Michael Noll edited comment on KAFKA-3511 at 4/11/16 1:54 PM:
--

PS: As [~guozhang] hinted at, we should also keep in mind that preferably we 
build an API that is pleasant to use in both Java 7 and Java 8+ (notably with 
lambdas).  Perhaps the work on this ticket means that we should take a step 
back and look at the state of the current API again and before we introduce 
possible changes because of the additions of this ticket.


was (Author: miguno):
PS: As [~guozhang] hinted at, we should also keep in mind that preferably we 
build an API that is pleasant to use in both Java 7 and Java 8 (notably with 
lambdas).  Perhaps the work on this ticket means that we should take a step 
back and look at the state of the current API again and before we introduce 
possible changes because of the additions of this ticket.

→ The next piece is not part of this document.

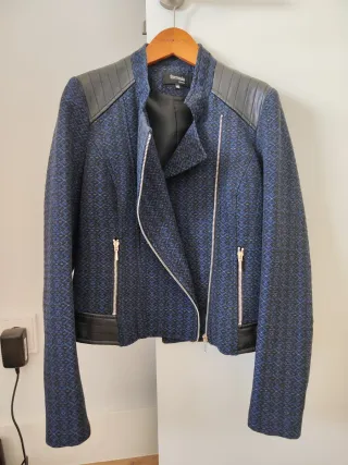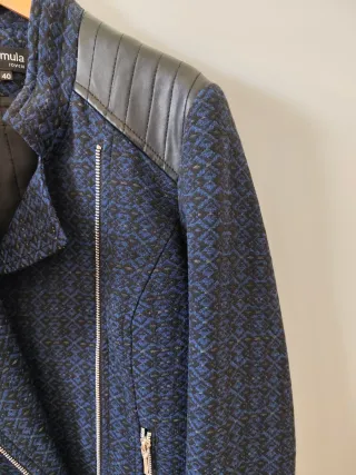 Cazadora de vestir con un diseño moderno y elegante. - Tejido con estampado geométrico en azul y negro. - Detalles en polipiel en hombros y bajo. - Cremallera frontal asimétrica. - Bolsillos laterales con cremallera.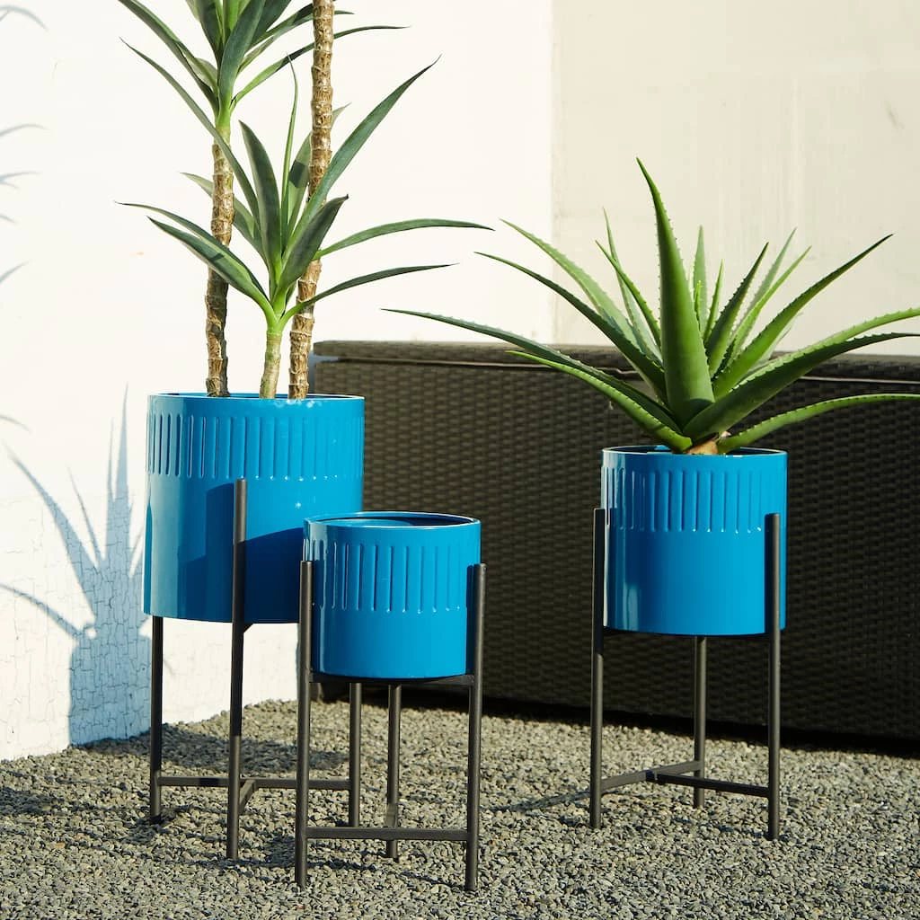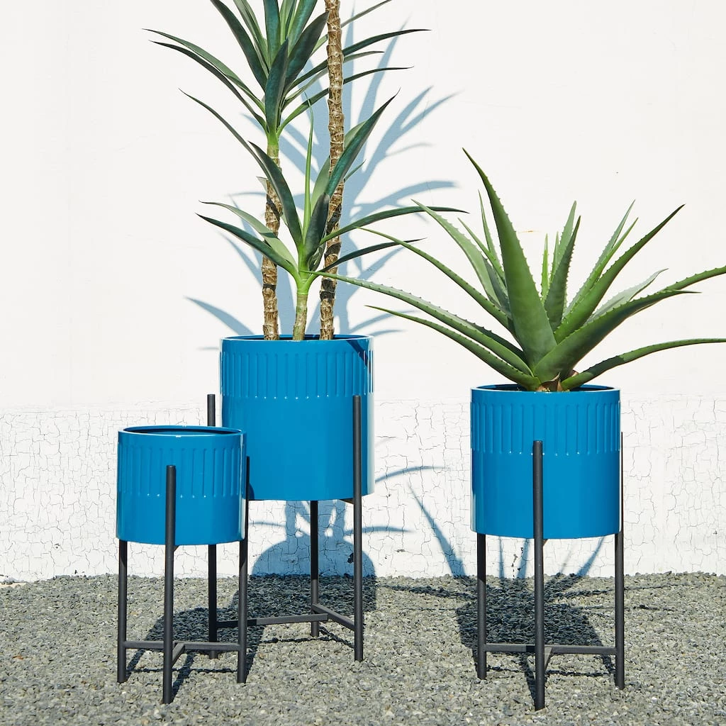 This simple and modern blue design plant stand set can easily adapt to any of your dΓ©cor styles. It fits into corners to brighten up dark spaces, or on a front porch to welcome visitors. The set of three different sizes creates a more interesting balance for your space and makes planting less conventional.Β

> Provide built-in aggregators sum() and avg() in Kafka Streams DSL
> -
>
> Key: KAFKA-3511
> URL: https://issues.apache.org/jira/browse/KAFKA-3511
> Project: Kafka
>  Issue Type: Bug
>  Components: streams
>Reporter: Guozhang Wang
>  Labels: api, newbie
> Fix For: 0.10.0.0
>
>
> Currently we only have one built-in aggregate function count() in the Kafka 
> Streams DSL, but we want to add more aggregation functions like sum() and 
> avg().



--
This message was sent by Atlassian JIRA
(v6.3.4#6332)


[jira] [Comment Edited] (KAFKA-3511) Provide built-in aggregators sum() and avg() in Kafka Streams DSL

2016-04-11 Thread Michael Noll (JIRA)

[ 
https://issues.apache.org/jira/browse/KAFKA-3511?page=com.atlassian.jira.plugin.system.issuetabpanels:comment-tabpanel=15234770#comment-15234770
 ] 

Michael Noll edited comment on KAFKA-3511 at 4/11/16 9:08 AM:
--

Hmm.  I'd prefer an API that allows me to write:

* {{stream.max()}} rather than
* {{stream.aggregate(new Max())}}

That said I think we are talking about two related but different questions:

1. Which aggregations do we provide out of the box?
2. How do we expose these built-in aggregations?

Regarding point 1, we could consider these built-in aggregations (cf. Scala's 
collection API, for example), followed by an example use case.  Perhaps, in 
general, it might be a good idea to think in terms of common use cases -- 
taking into account which would make sense on windowed streams, which on 
non-windowed streams, which on KStream, which on KTable, which on both -- when 
deciding whether/which aggregations we would provide out of the box.  Again, I 
am listing concrete function names here but the purpose is to list their 
*functionality* (point 2 is meant to address how this functionality is being 
exposed).

* {{count}} / {{countBy}} -- "how many pageviews between 4AM and 5 AM?"   
(countBy and filter are related via filter.count)
* {{min}} / {{minBy}} -- "the page with the least views"
* {{max}} / {{maxBy}} -- "the page with the most views", "the IP address with 
the most hits (e.g. to implement throttling, blocklists)"
* {{sum}} -- "total number of pageviews per user"
* {{distinct}} -- "distinct elements in the stream" (this is related to 
changelog stream aka KTable and the stream-table duality; perhaps distinct 
would make sense only for KStream, as "distinct" is essentially a native 
feature of KTable)
* Somewhat related: we may also want to consider a "sortBy" and "take" 
operators to help implement "give me the top N things" type of use cases; min 
and max only return a single element.  Idea: 
"windowedStream.sortBy(...).take(5)".  (For {{take}} I'm ignoring the 
discussion of lazy/non-lazy evaluation here).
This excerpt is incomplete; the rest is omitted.